Abstract: Background: The loss of effective atrial contraction is associated with an increased thromboembolic risk.
Aim: To study the electromechanical coupling of the atria in patients with paroxysmal atrial fibrillation (time of occurrence of the episodes <48 hours) using pulsed-wave tissue Doppler imaging.
Materials and methods: The study included 51 patients (26 men, 25 women; mean age 59.84±1.60 years) and 52 controls (26 men, 26 women; 59.50±1.46 years) without evidence to date for episodes of atrial fibrillation. We studied atrial electromechanical delay in lateral mitral annulus (P-A'MV) (ms) and tricuspid annulus (P-A'TV) (ms) as well as interatrial dyssynchrony (IAD) ((P-A'MV) - (P-A'TV)) (ms). The echocardiographic study in patients was performed on the twenty fourth hour and twenty-eighth day after the restoration of sinus rhythm. In controls the echocardiographic indicators were defined once.

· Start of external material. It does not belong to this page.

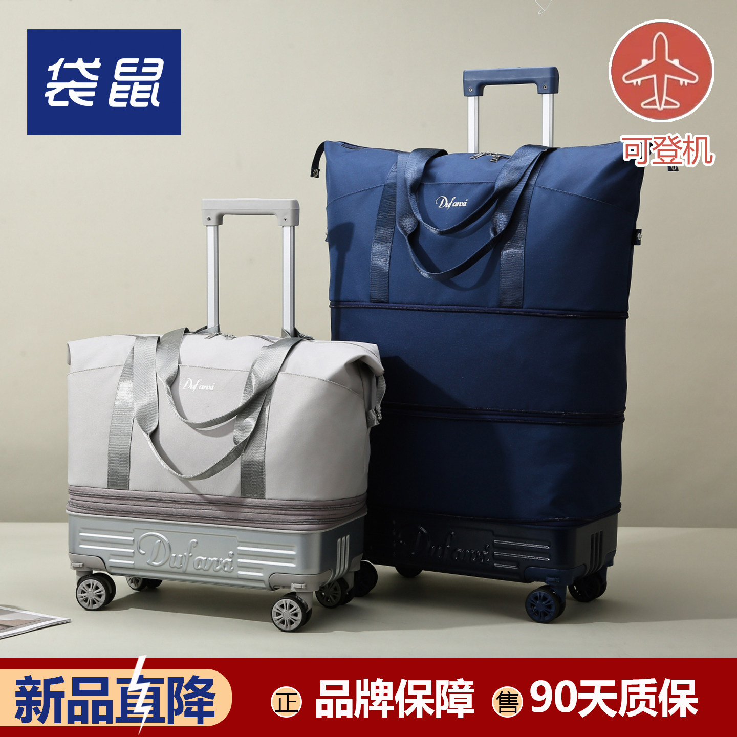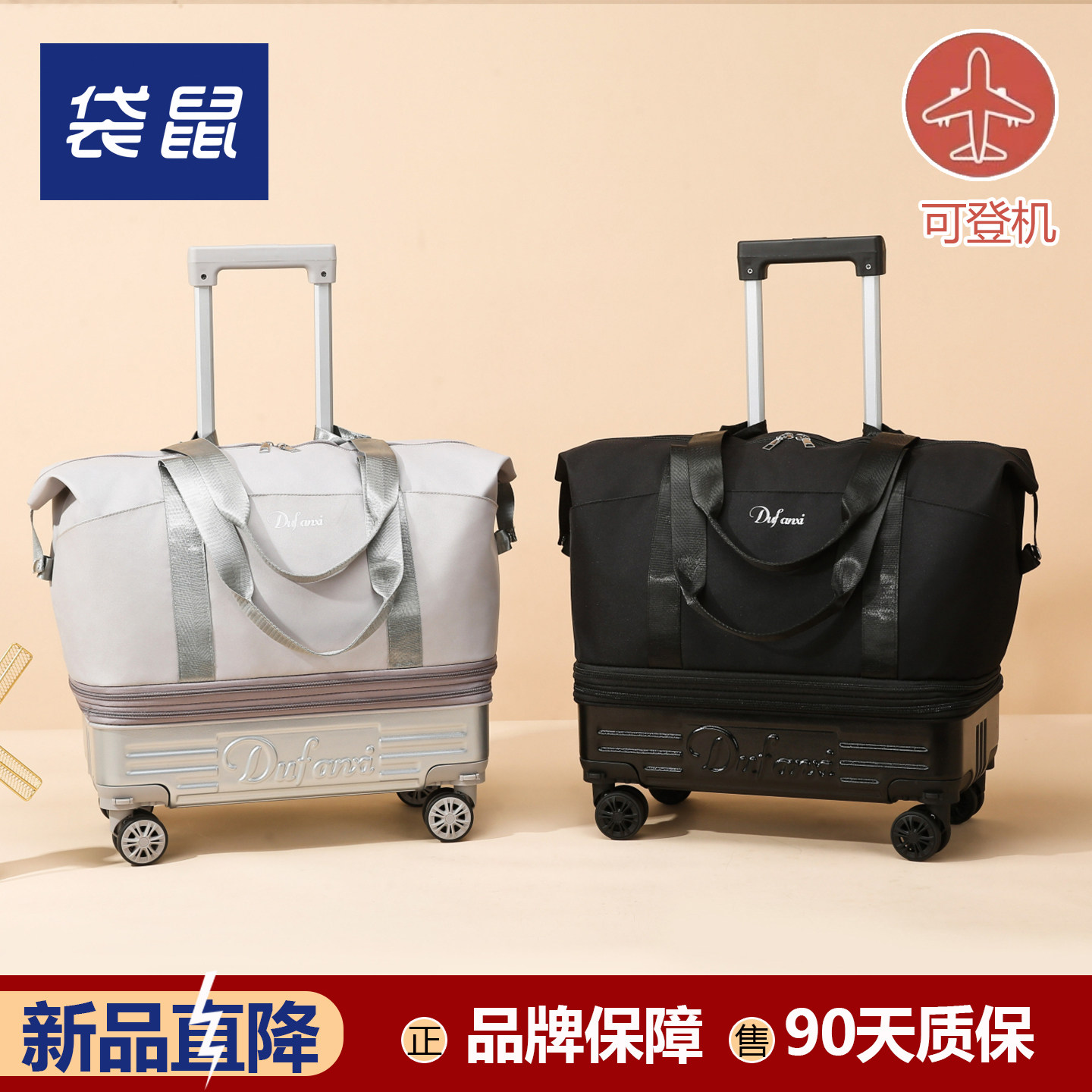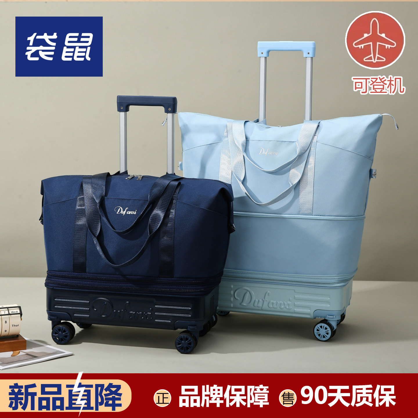 袋鼠旅行包女士便携拉杆式行李包带轮子大容量可上飞机行李收纳袋

Results: P- A'MV in patients with PAF was significantly prolonged compared to controls on the twenty-fourth hour as well as twenty-eighth day after the restoration of sinus rhythm (124.7±5.54 vs 106.80±2.30 ms, p=0.002; 123.2±6.12 vs 106.80±2.30 ms, p=0.006 respectively). The measurement of P- A'TV showed no difference in the indicator in patients and controls (91.24±4.79 vs 87.64±1.85 ms, p=0.44; 91.70±4.92 vs 87.64±1.85 ms, p=0.38 respectively). There is an increased IAD in patients with PAF compared to controls in both measurements (31.63±3.57 vs 18.64±1.35 ms, p<0.001; 31.55±2.75 vs 18.64±1.35 ms, p<0.001).

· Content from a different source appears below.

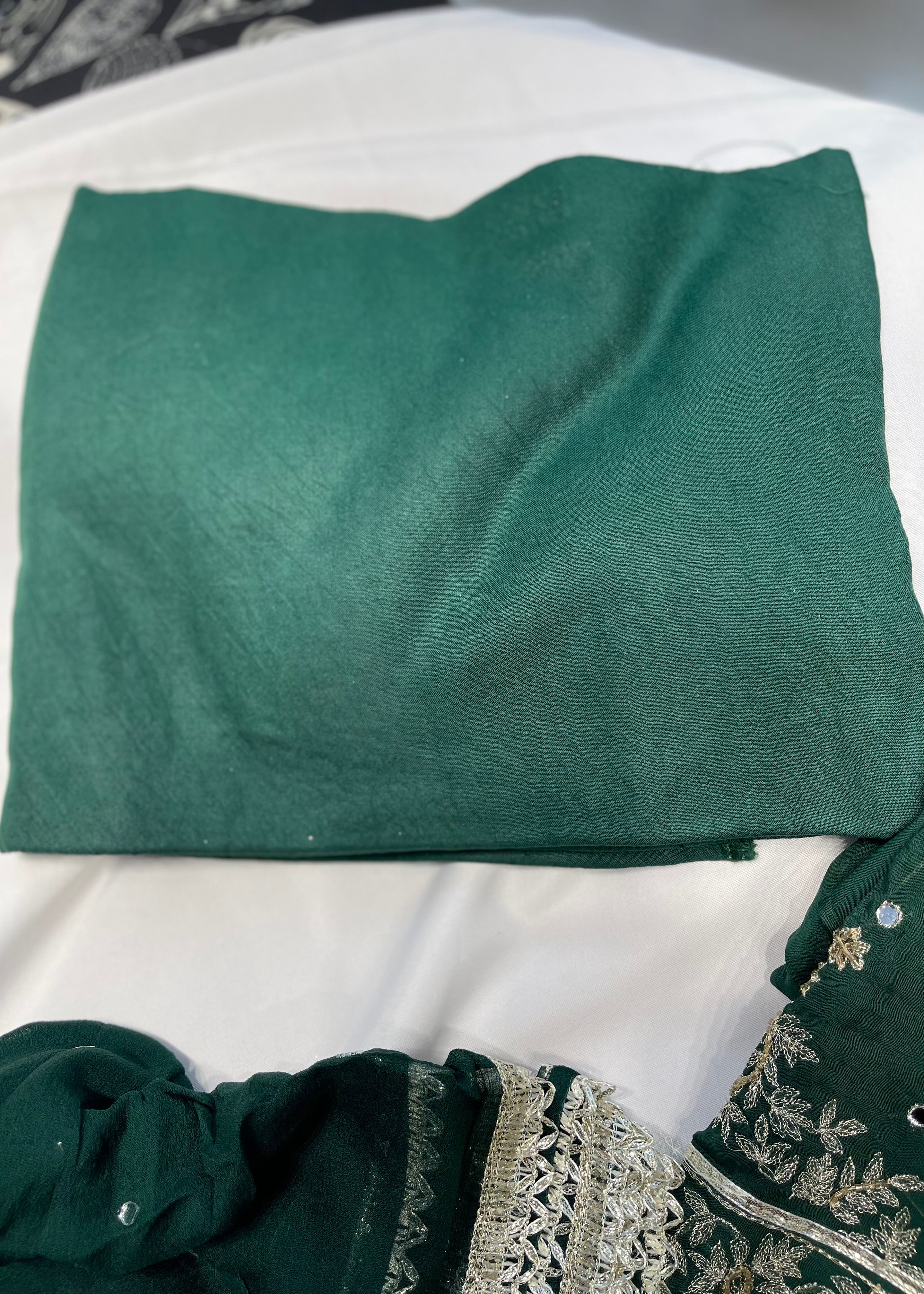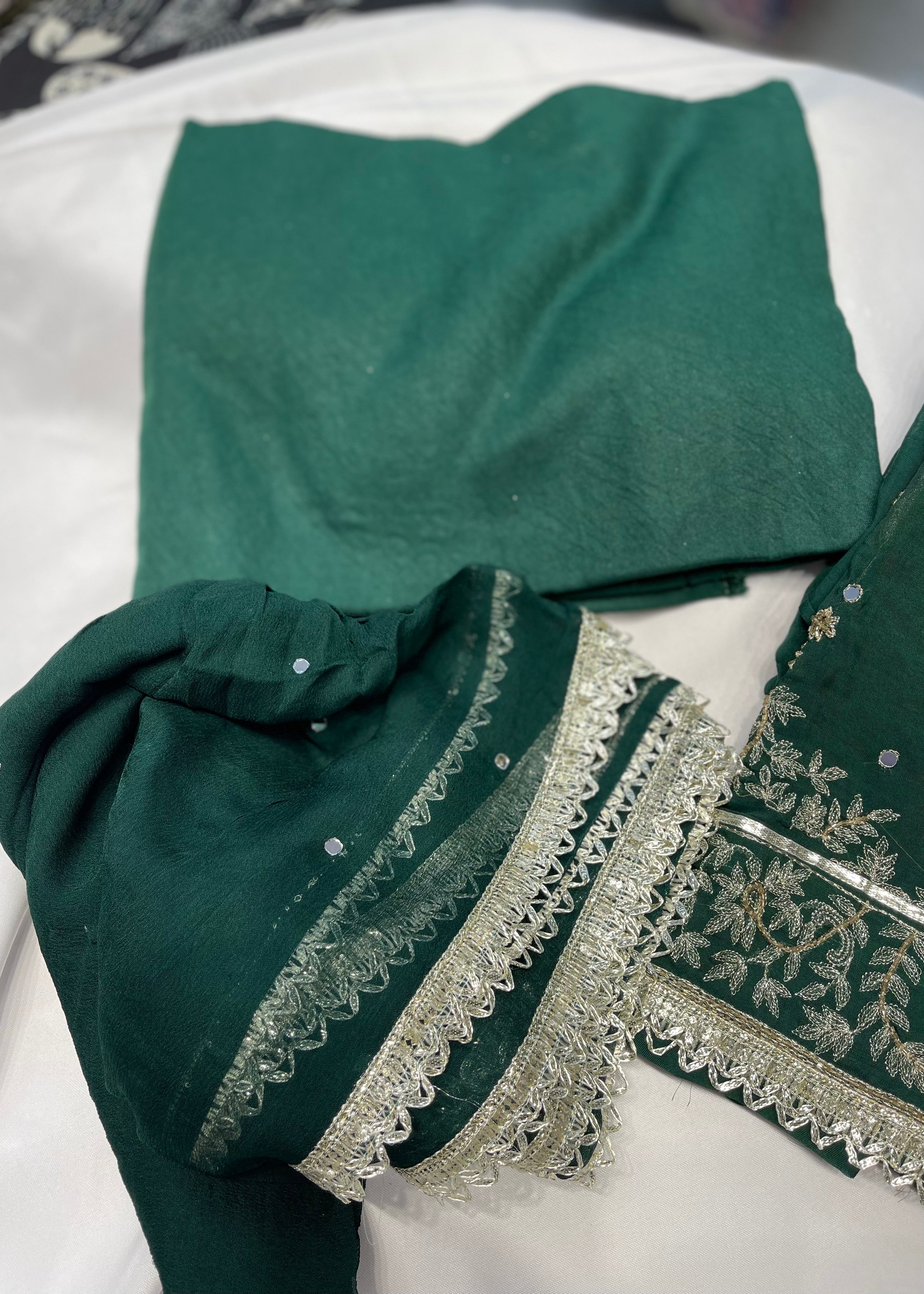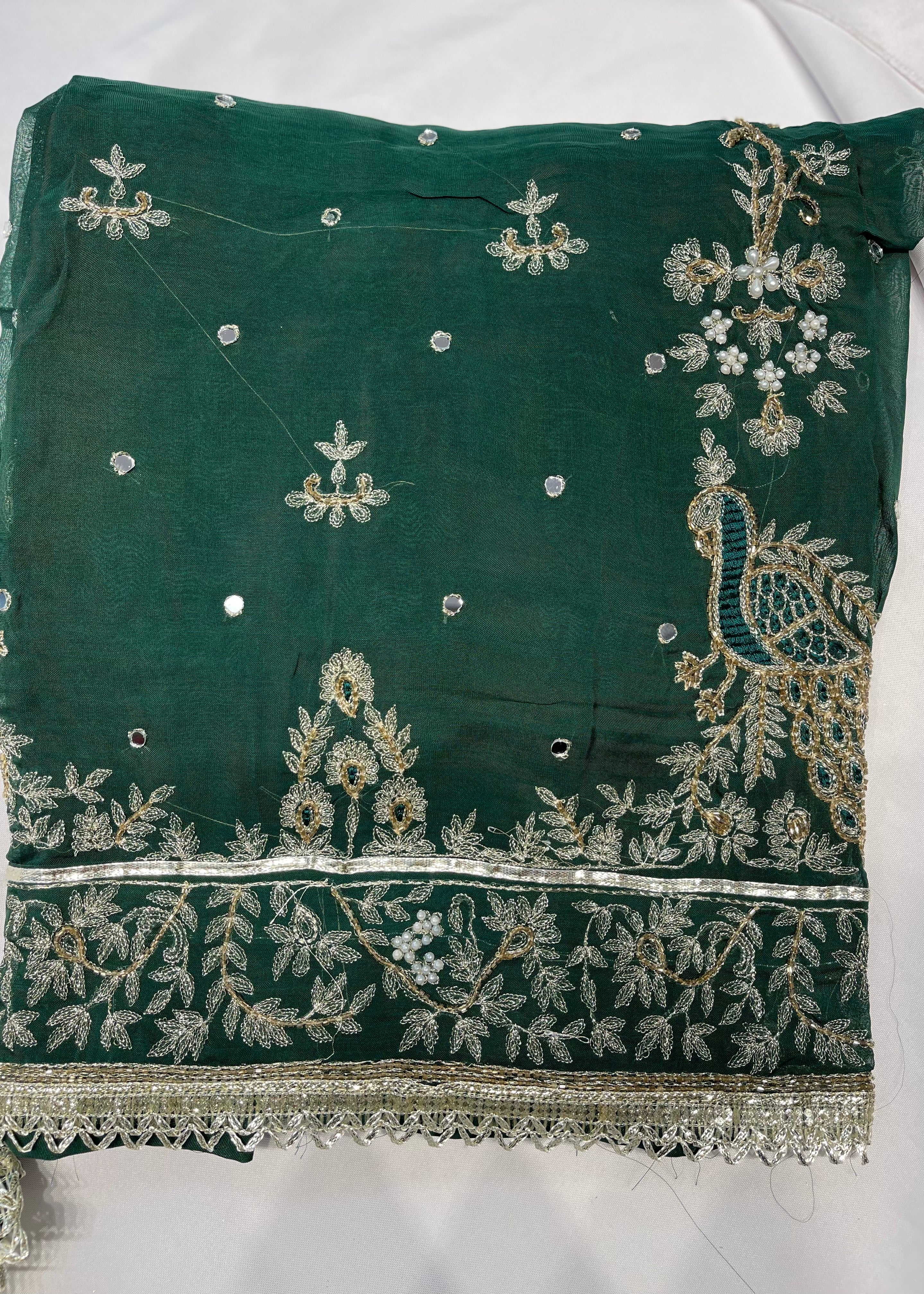 Designer unstitched suit in peacock pattern embroidery on shirt and gotta work design on dupatta.

Conclusion: Our study found prolonged atrial electromechanical delay and interatrial dyssynchrony after manifestation of PAF. The short episodes of arrhythmia lead to impaired electromechanical coupling for a long period of time. In this sense AF paroxysms are a major prerequisite for relapses of the disease and significantly increase the risk of embologenic accidents.